Toronto, Canada – The bad news continued for Sears Canada Inc. during the third quarter of fiscal 2014. Following the announcement by parent company Sears Holding that it would sell off most of its 51% ownership stake to shareholders and reports that J.P. Morgan Chase & Co. will end its agreement to issue credit cards for Sears Canada in November 2015, Sears Canada reported a net loss of $118.7 million, significantly larger than the $48.8 million net loss reported the same period a year earlier.
This marks the third straight quarter Sears Canada has posted a loss. Pre-tax impairment and transformation charges, as well as income tax expense, drove the growth in net loss.
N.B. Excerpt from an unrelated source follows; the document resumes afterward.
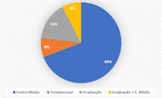 Um outro aspecto analisado foi o segmento educacional de aplicação das pesquisas realizadas pelos autores. No gráfico 1, mostrado abaixo pode-se notar que a maioria das pesquisas realizadas foi no segmento do Ensino Médio totalizando 69%.

Total revenues shrank 15% to $834.5 million from $982.3 million, while same-store sales fell 9.5%.
"These results are disappointing, and the management team is focused on making Sears Canada successful first and foremost by building on its relationship with Canadians by providing great fashionable product made of high quality at affordable prices," said Ron Boire, acting president and CEO, Sears Canada Inc. "This is the value proposition that resonates best with our customers, and centers on the middle market where Sears can be most successful. The Company has done well at managing expenses year to date and maintaining a strong balance sheet, and we are now working at growing our top line to have our sales match the high level of loyalty and support that Canadians have for the Sears brand.